Prices in popular school zones in every capital have typically outpaced median price growth through double-digit growth over one and three years.
Properties in popular school zones in Sydney and Brisbane posted some of the biggest gains in the past year, boosted by demand from expat families returning to Australia and others moving interstate to areas less affected by the pandemic and lockdowns.
Spencer said the popularity of regional locations throughout the pandemic had also been reflected in many aspects of the popular family suburbs.
According to Corelogic, detached house values increased 24.6 per cent in the past year, outperforming the 14.2 per cent uplift in national unit values.
Similarly, the 25.2 per cent increase in regional dwelling values surpassed the performance of the combined capital cities 21.3 per cent as more buyers went in search of tree and sea change.

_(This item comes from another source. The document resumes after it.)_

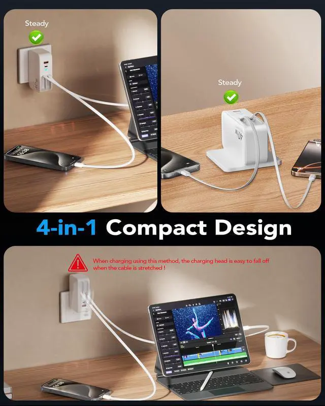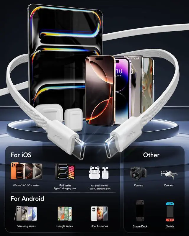 40W Fast Charger for 4 DevicesThe retractable iPhone charger with wall plug has two USB ports and dual retractable Type-C cables, which can charge 4 devices at the same time. Whether it is powering an iPhone, an Android phone (Galaxy, Pixel, etc.), or tablets, it can provide up to 40W fast charging capability.

“This may in part be attributable to how Covid-19 continued to shape demand trends, with coastal or leafy settings being more desirable as some workers were empowered to work remotely,” Corelogic head of research Eliza Owen said.
“The constraints of slightly tighter credit conditions, the erosion of housing affordability and a higher level of listings being added to the market are expected to see softer growth rates across property values in 2022.
“These forces are an accumulation of headwinds for property market performance.”
“Softer growth rates are likely to coincide with fewer purchases, where sales and listings activity eventually move with momentum in price.”